Эйфория, владевшая общественностью в декабре — январе, похоже, улетучилась, так как стало ясно, что позиции режима вовсе не настолько шатки, как это казалось поначалу. Между тем, как и всякая эйфория, она имела под собой не столько рациональные основания, сколько страстное желание одним прыжком перемахнуть пропасть, разраставшуюся на протяжении доброго десятилетия (если не двух).

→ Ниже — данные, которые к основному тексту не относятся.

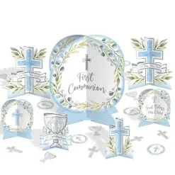 Blue My First Communion Cardstock Table Decorating Kit, 27pc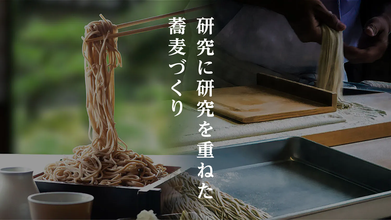 蕎麦のつながりが悪いとボソボソ感や短く切れてしまう蕎麦になります。幾度となく試作を重ね、香りとコシを引き出せる比率を研究しました。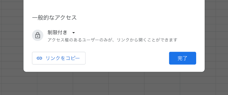 スプレッドシートのリンクを知っている人全員と共有したい場合は「制限付き」の横にある▼ボタンをクリックします。

Победа Путина в первом туре президентских выборов показала, что резервы режима еще далеки от исчерпания. Да, выборы прошли с нарушениями, самое серьезное из которых — применение административного ресурса, что в соответствии с законодательством есть не что иное, как уголовное преступление. Но по-другому власть имущие в России никогда и не побеждали, и, чтобы отвадить их от этого, мало пары-тройки массовых митингов в центре столицы. Необходимо организовать мощную сеть сопротивления, проникающую в самые глухие медвежьи углы. А на это сил у протестующих не хватило. Кроме того,
по-настоящему массовыми протестные акции были только в Москве. Даже в Питере они собрали гораздо меньше людей, а уж в провинции численностью и составом напоминали дежурные оппозиционные митинги годичной давности — преимущественно краснознаменные, с редкими вкраплениями других политических сил и почти без участия «рассерженных горожан».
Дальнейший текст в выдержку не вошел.